**WHAT IS NEEDED**:
Keep the images out while you retype all of the data exactly.

BEGIN DATASET EXTRACT

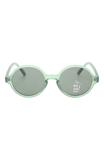 Солнцезащитные очки Woam оттенка Olive изготовили из полиэфира TPEE с покрытием Soft Touch. Левую дужку изделия украсили названием мо дели.
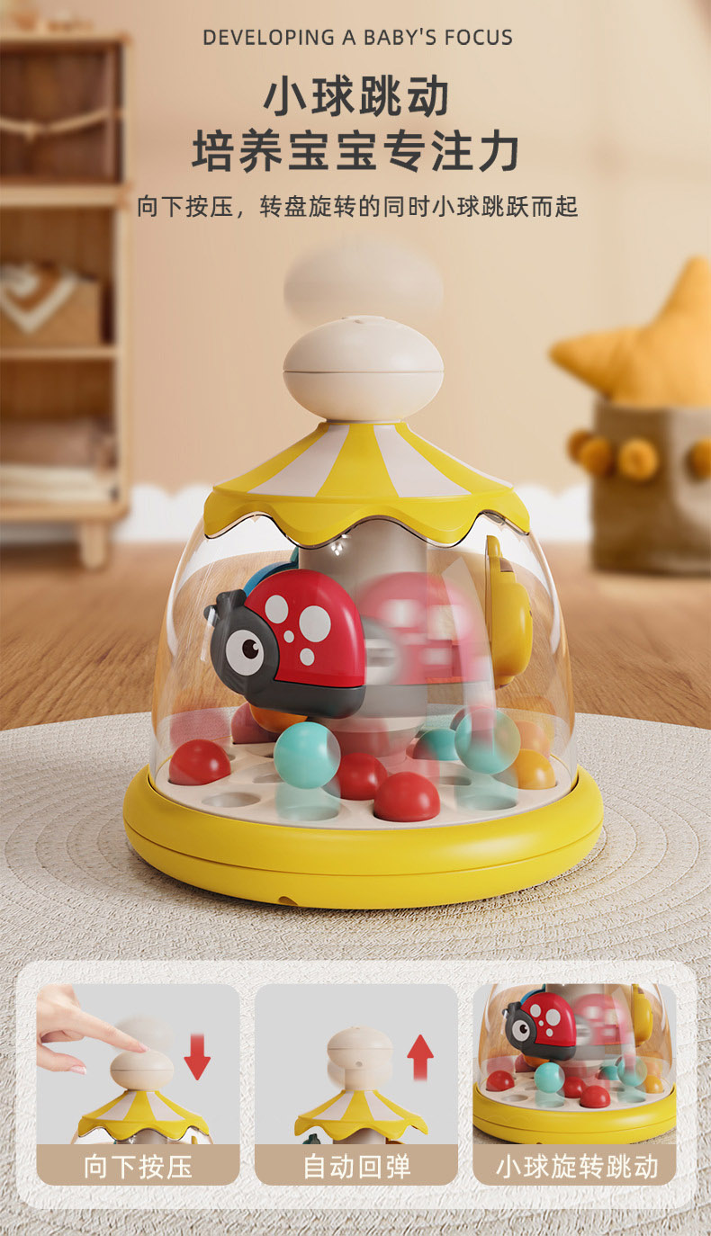 新品按压旋转跳球婴儿玩具0-1岁哄娃神器早教益智磁性玩具
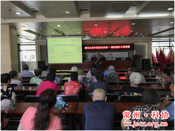 为了提高居民对糖尿病的防治意识,促进居民健康生活,营造人人关注健康的良好氛围,8月14日下午2点,常州第一人民医院万静波主任护师在漕河社区会议室对社区居民们开展糖尿病日常管理讲座,五十多位社区糖尿病患者前来参加。
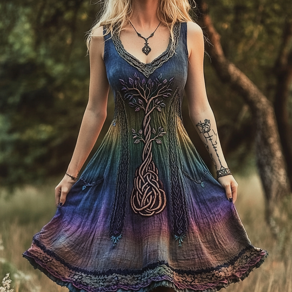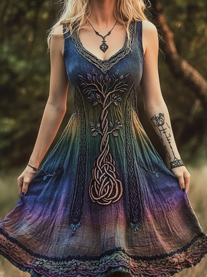 Women's Vintage Viking Tree Of Life Gradient Art Linen Waist Short Midi Dress
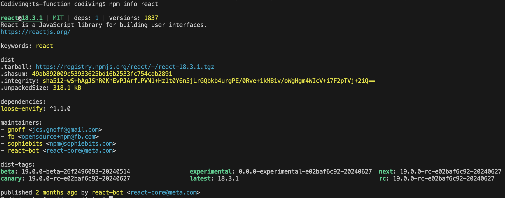 npm info 패키지 이름으로 정보를 확인할 수도 있습니다.
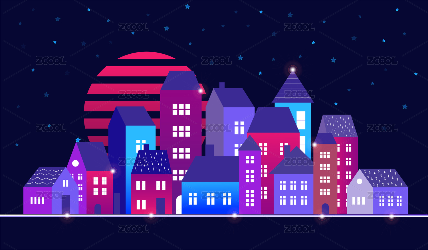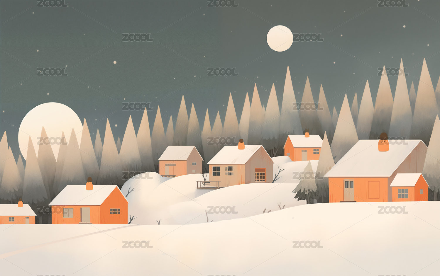 星空,夜晚,宁静,树木,蓝色,温暖,房屋,建筑,简约,舒适
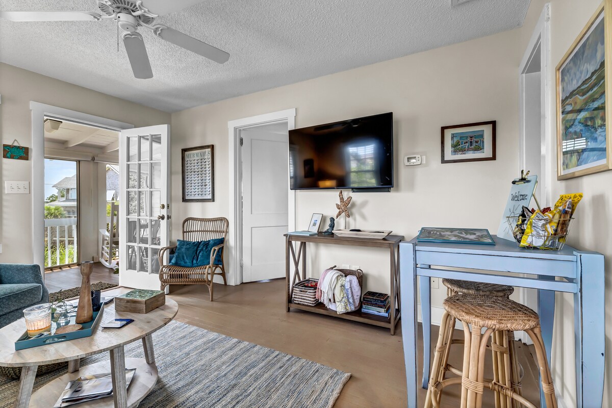 A classic 1946 duplex cottage on the outside, reimagined as a modern coastal retreat on the inside, The Bungalow Loft blends timeless charm with contemporary comfort. This thoughtfully designed space features one bedroom, two additional daybeds in the living area, a full bathroom, a well-equipped kitchen, and a cozy dining nook. Step outside to enjoy expansive outdoor living, complete with a front porch, spacious deck, fire pit, and refreshing outdoor shower.
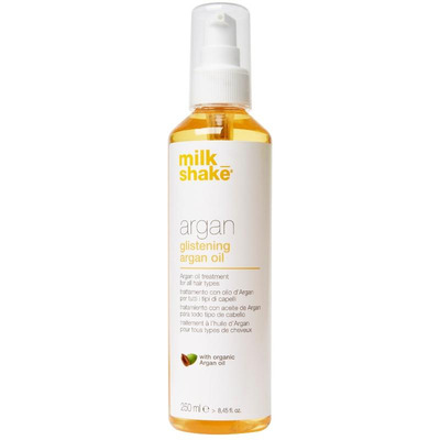 Milk_Shake Argan Oil er laget på økologisk arganolje som pleier og nærer håret i dybden. Oljen er velegnet til alle hårtyper og etterlater håret gjennomfuktet og silkebløtt. Oljen gjør håret glansfullt og volumiøst, samt bekjemper krus. Arganoljen forkorter også tørketiden ved føning. Oljen tilfører en deilig, mild og luksuriøs duft til håret.

END DATASET EXTRACT

**FINAL ANSWER**:
 Солнцезащитные очки Woam оттенка Olive изготовили из полиэфира TPEE с покрытием Soft Touch. Левую дужку изделия украсили названием мо дели.
 新品按压旋转跳球婴儿玩具0-1岁哄娃神器早教益智磁性玩具
 为了提高居民对糖尿病的防治意识,促进居民健康生活,营造人人关注健康的良好氛围,8月14日下午2点,常州第一人民医院万静波主任护师在漕河社区会议室对社区居民们开展糖尿病日常管理讲座,五十多位社区糖尿病患者前来参加。
 Women's Vintage Viking Tree Of Life Gradient Art Linen Waist Short Midi Dress
 npm info 패키지 이름으로 정보를 확인할 수도 있습니다.
 星空,夜晚,宁静,树木,蓝色,温暖,房屋,建筑,简约,舒适
 A classic 1946 duplex cottage on the outside, reimagined as a modern coastal retreat on the inside, The Bungalow Loft blends timeless charm with contemporary comfort. This thoughtfully designed space features one bedroom, two additional daybeds in the living area, a full bathroom, a well-equipped kitchen, and a cozy dining nook. Step outside to enjoy expansive outdoor living, complete with a front porch, spacious deck, fire pit, and refreshing outdoor shower.
 Milk_Shake Argan Oil er laget på økologisk arganolje som pleier og nærer håret i dybden. Oljen er velegnet til alle hårtyper og etterlater håret gjennomfuktet og silkebløtt. Oljen gjør håret glansfullt og volumiøst, samt bekjemper krus. Arganoljen forkorter også tørketiden ved føning. Oljen tilfører en deilig, mild og luksuriøs duft til håret.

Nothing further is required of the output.